MCF-VC: Mitigate Catastrophic Forgetting in Class-Incremental Learning
for Multimodal Video Captioning
- URL: http://arxiv.org/abs/2402.17680v1
- Date: Tue, 27 Feb 2024 16:54:08 GMT
- Title: MCF-VC: Mitigate Catastrophic Forgetting in Class-Incremental Learning
for Multimodal Video Captioning
- Authors: Huiyu Xiong, Lanxiao Wang, Heqian Qiu, Taijin Zhao, Benliu Qiu,
Hongliang Li
- Abstract summary: We propose a method to Mitigate Catastrophic Forgetting in class-incremental learning for multimodal Video Captioning (MCF-VC)
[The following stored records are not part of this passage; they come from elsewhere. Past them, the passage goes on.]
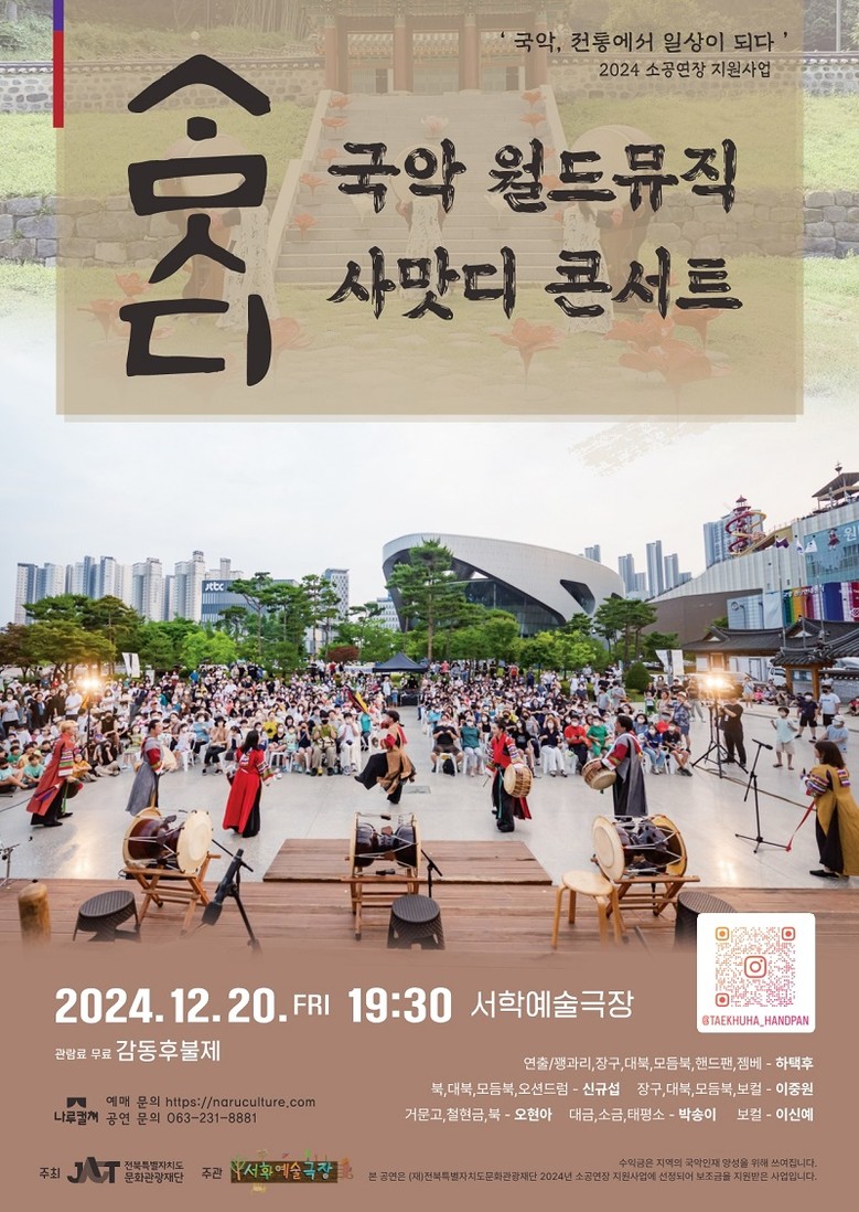 12월 20일은 타악 프로젝트 그룹 ‘사맛디’가 준비한 ‘국악 월드뮤직 사맛디 콘서트’가 무대에 오른다. 국악 타악과 함께 세계의 다양한 악기와 장르를 화려하게 넘나드는 공연으로, 서학예술극장 기획 공연 시리즈 ‘국악, 전통에서 일상이 되다’의 피날레를 장식한다.
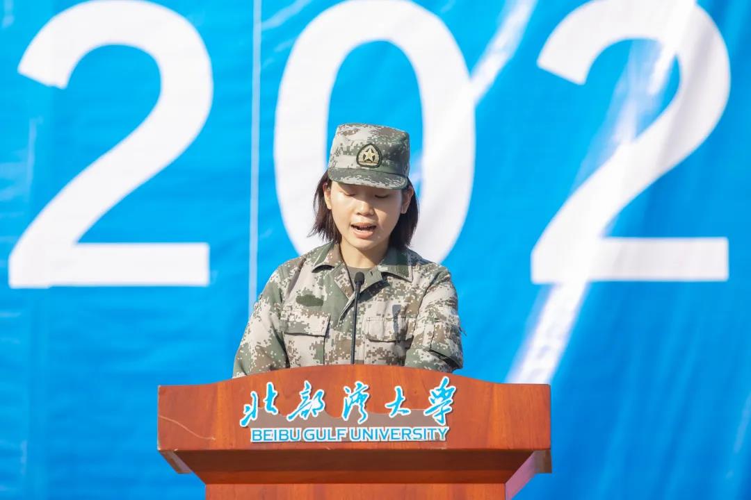 经济管理学院2019级国际经济与贸易专业退役复学学生陆振娟代表全体教官承诺,将坚持以人为本,科学组训、文明组训,按照部队和学校的要求,以良好军人形象高标准,高质量完成军事训练任务。
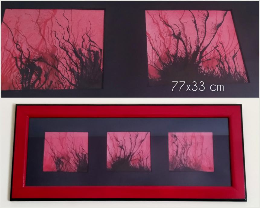 Akril na papiru, ručno rađeni drveni okvir po mjeri, ostakljeno
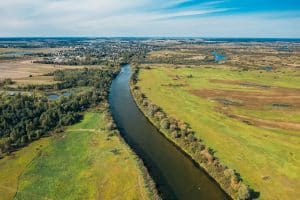 Chachersk, Belarus. Aerial View Green Meadows And Sozh River Landscape In Sunny Summer Day. Top View Of Beautiful European Nature From High Attitude In Summer Season. Drone View. Bird’s Eye View
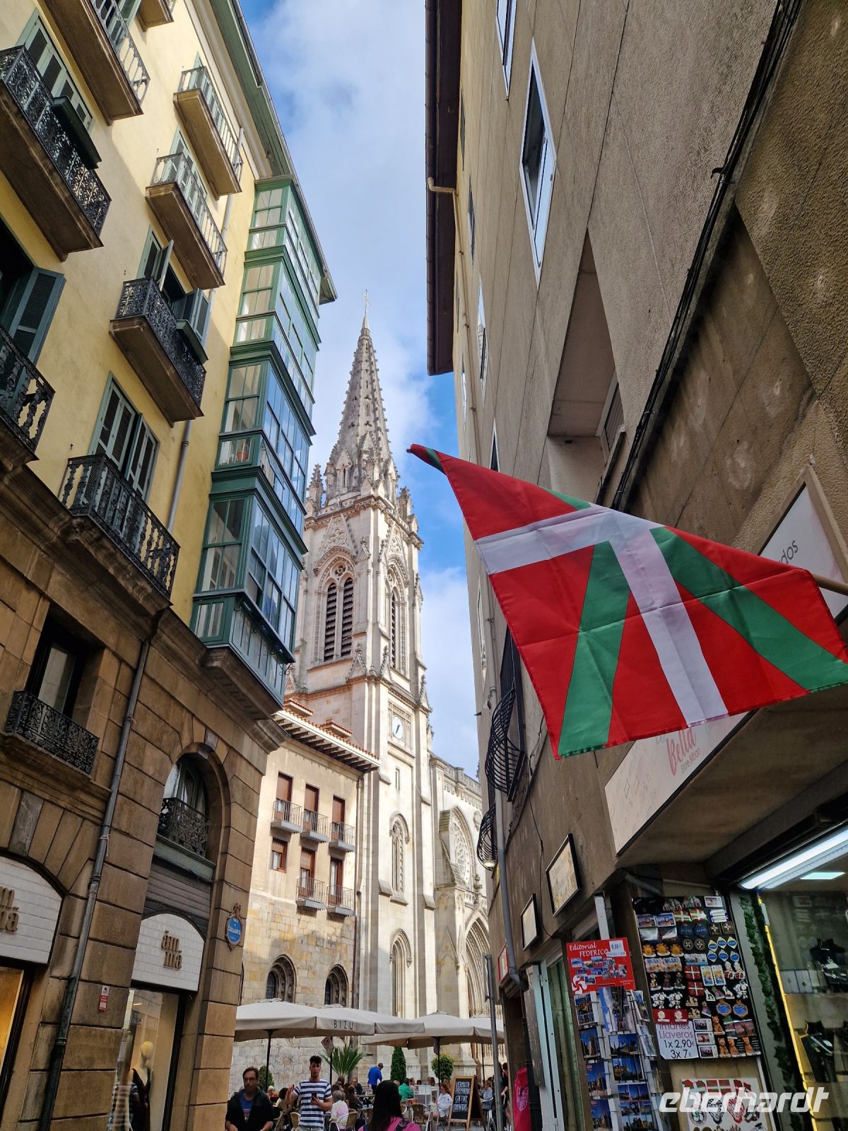 Dann in ehemaligen Kulturhauptstadt San Sebastian, werden wir in Ruhe uns die Altstadt erkunden. Hier in die Parte Vieja genannt gibt es viele bekannten Touristenattraktionen wie zum Beispiel Kongresshalle oder Kursaal, wo das Film-Festival und Preis-Verleihung jedes Jahr stattfindet. Letztes Jahr wurde San Sebastian zur Kulturhauptstadt Europas 2017 gewählt. In die Altstadt besichtigen wir 2 schöne Kirchen. Bei einer Kirche sang Benjamin ein paar Lieder für die Gruppe da hier die Akustik ist einfach top. Nach der Besichtigung der schönen Kirchen Santa Maria del Coro, San Vicente und die Markthalle „La Bretxa“ organisiert Benjamin ein Tapas-Picknick mit Käse, Schinken und Chorizo. Heute werden wir weiter sehen was Tapas und "picotear" bedeutet – zusammen mit Gazpacho. Lecker, oder? Und alles ans Meer. Unvergesslich.

In order to better constrain the knowledge characteristics of old and new tasks at the specific feature level, we have created the Two-stage Knowledge Distillation (TsKD)
Our experiments on the public dataset MSR-VTT show that the proposed method significantly resists the forgetting of previous tasks without replaying old samples, and performs well on the new task.
- Score: 10.95493493610559
- License: http://arxiv.org/licenses/nonexclusive-distrib/1.0/
- Abstract: To address the problem of catastrophic forgetting due to the invisibility of
old categories in sequential input, existing work based on relatively simple
categorization tasks has made some progress. In contrast, video captioning is a
more complex task in multimodal scenario, which has not been explored in the
field of incremental learning. After identifying this stability-plasticity
problem when analyzing video with sequential input, we originally propose a
method to Mitigate Catastrophic Forgetting in class-incremental learning for
multimodal Video Captioning (MCF-VC). As for effectively maintaining good
performance on old tasks at the macro level, we design Fine-grained Sensitivity
Selection (FgSS) based on the Mask of Linear's Parameters and Fisher
Sensitivity to pick useful knowledge from old tasks. Further, in order to
better constrain the knowledge characteristics of old and new tasks at the
specific feature level, we have created the Two-stage Knowledge Distillation
(TsKD), which is able to learn the new task well while weighing the old task.
Specifically, we design two distillation losses, which constrain the cross
modal semantic information of semantic attention feature map and the textual
information of the final outputs respectively, so that the inter-model and
intra-model stylized knowledge of the old class is retained while learning the
new class. In order to illustrate the ability of our model to resist
forgetting, we designed a metric CIDER_t to detect the stage forgetting rate.
Our experiments on the public dataset MSR-VTT show that the proposed method
significantly resists the forgetting of previous tasks without replaying old
samples, and performs well on the new task.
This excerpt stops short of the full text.